Maotai's importance in contemporary China has many of its roots in the era of the Chinese Civil War. It was in Zunyi, the prefectural city over the town of Maotai that Mao Zedong became the leader of the Chinese Communist Party at the Zunyi Conference and it was during the Long March that many Chinese troops and many of China's future leaders, including Zhou Enlai would gain an appreciation for maotai. Stories from the time recount Red Army soldiers and officers enjoying maotai both for consumption and for more practical purposes, primarily the cleaning and disinfection of the soldiers feet.[7] In "Memoirs of the Long March" the author Cheng Fangwu wrote; “Because of the urgent military situation, we dared not drink much liquor. The liquor was mainly used to wipe our feet and relieve fatigue on the road. Wiping feet with the maotai is effective. Everyone praises it."[8] In a likely apocryphal story, company commander Wang Yuenan, and one of Mao's guards Chen Fengchan, were in returning from a trip to purchase maotai for this very purpose when they ran into Mao himself who told them; "Maotai is a place famous for its wine, but it would be a pity to wipe your feet with this wine!" While in the town of Maotai during the Long March, the political bureau of the Red Army issued a notice to the passing soldiers to note the importance of maotai liquor and refrain from interfering in the private distillation of the spirit ongoing except to buy or sell.[7]
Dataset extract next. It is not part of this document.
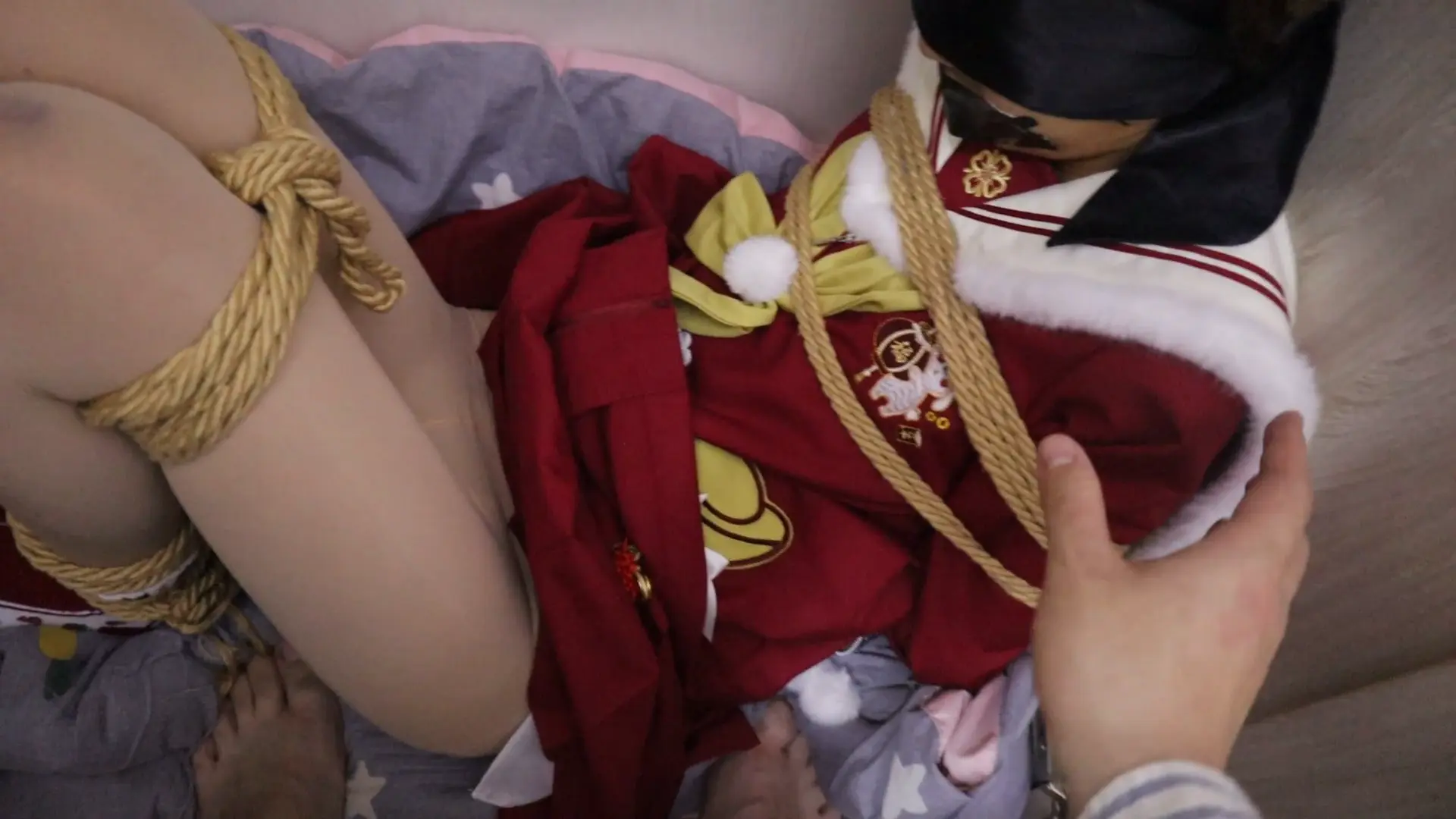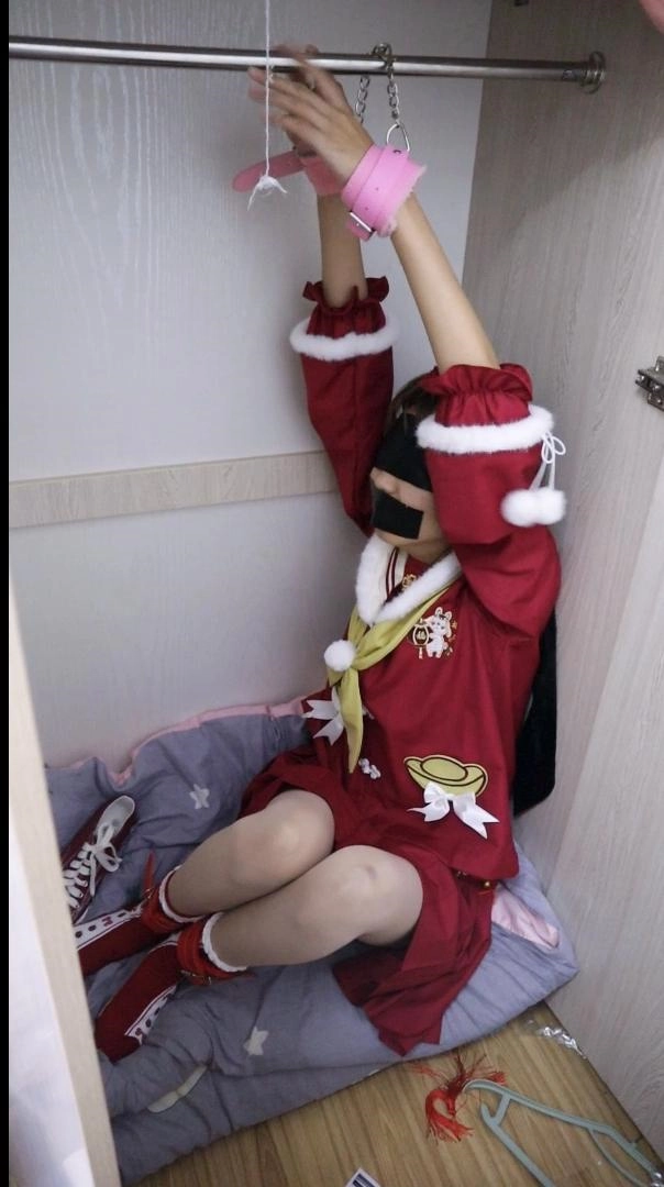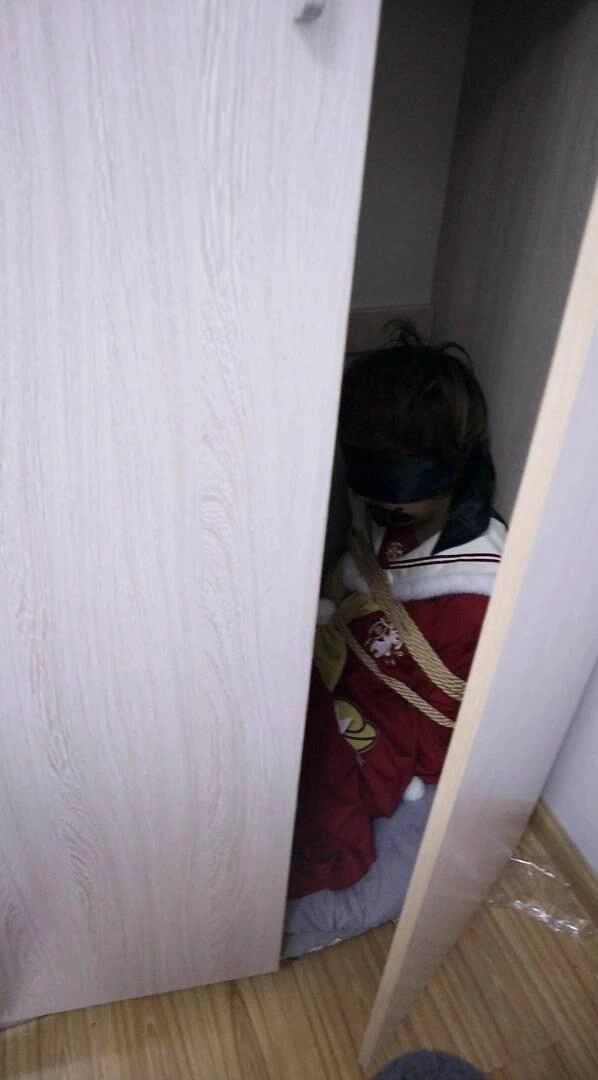 这衣柜里面怎么有这么喜庆的一个被捆绑的短发萝莉啊 铐撩与绳子分开绑

Shortly after the end of the Chinese Civil War and after the founding of the People's Republic, the three existing maotai distilleries, Chengyi, Ronghe, and Hengxing were merged to create the modern, state-owned Kweichow Moutai in 1951.[9]
Since the foundation of the modern Kweichow Moutai, the spirit has served as part of the standard fare for Chinese diplomatic meetings and dinners. From Mao's gifts of maotai given to Joseph Stalin and Kim Il-Sung in 1950 and 1973 respectively, to Zhou Enlai's use of the spirit as a diplomatic tool for the 1954 Geneva Conference[10] and the welcoming banquet for Richard Nixon 1972 visit to China,[11] [12] maotai has served as one of the primary cultural items representing China on the international stage.[13] Its use in these terms has become so well known that when Deng Xiaoping visited the United States in 1979, Henry Kissinger told him "I think if we drink enough Moutai we can solve anything."